The then UN Secretary-General Dag Hammarskjöld (standing second from left) in conversation in the Delegates Lounge at UN Headquarters following an emergency special session in 1958.

In 1958, during an emergency special session, the former UN Secretary-General Dag Hammarskjöld (standing second from left) was seen conversing in the Delegates Lounge at UN Headquarters.

Hot spot: Middle East

Out of the 11 emergency special sessions held by the Assembly, six pertain to the Middle East.

The initial session of its kind took place in 1956 to discuss the Arab-Israeli armistice agreements of 1949, which were being ignored due to the presence of foreign military on Egypt’s land near the Suez Canal.

At the meeting, the Assembly passed a group of resolutions which included a request for the Secretary-General to present a plan within 48 hours for the formation of an emergency United Nations Force. This force would be established with the agreement of the involved nations and would work to ensure a halt to hostilities.

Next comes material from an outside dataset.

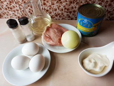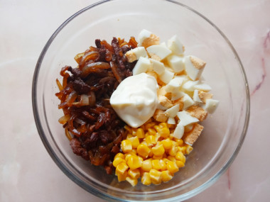 К ужину решила приготовить сытный салат с мясом и кукурузой. Для более насыщенного и пикантного вкуса нарезанное соломкой мясо свинины до обжарки выдержала некоторое время в соевом соусе ( около получаса), затем мясо обжарила минут 5, добавила лук, жарила вместе до мягкости лука ( не солила, так как мясо мариновалось в соевом соусе). К остывшему мясу с луком добавила кукурузу, нарезанные отварные яйца, заправила салат майонезом, добавила черный молотый перец. Салат очень сытный, вкусный. Поужинали с удовольствием! Спасибо за рецепт, Юлия М!

In 1958 and 1967, additional emergency meetings were held to discuss topics related to the Middle East. In 1980, the focus was on the issue of Palestine, and in 1982, the discussion centered around the situation in the occupied Arab territories.

Open 24/7

Upon the request of United Nations member countries, emergency special sessions can be reconvened at any point in time, a practice that has been observed over the course of several years.

Last week, a group of nations submitted a request to the Assembly President to reconvene the tenth emergency special session due to a deadlocked Security Council.

The meeting, which was first held in 1997, addresses the issue of unlawful actions taken by Israel in Occupied East Jerusalem and the remaining Occupied Palestinian Territory.

At the start of the tenth session on October 26, the Assembly listened to a statement from the UN Permanent Observer of Palestine. Following that, Member States began their discussion of the issue.

The proposed resolution, while not legally binding, strongly advocates for peace.

Are you interested in finding out who voted and the reasons behind their vote on a particular resolution? The UN Dag Hammarskjöld Library has records of voting, explanations of votes, and related resolutions from all emergency special sessions available here.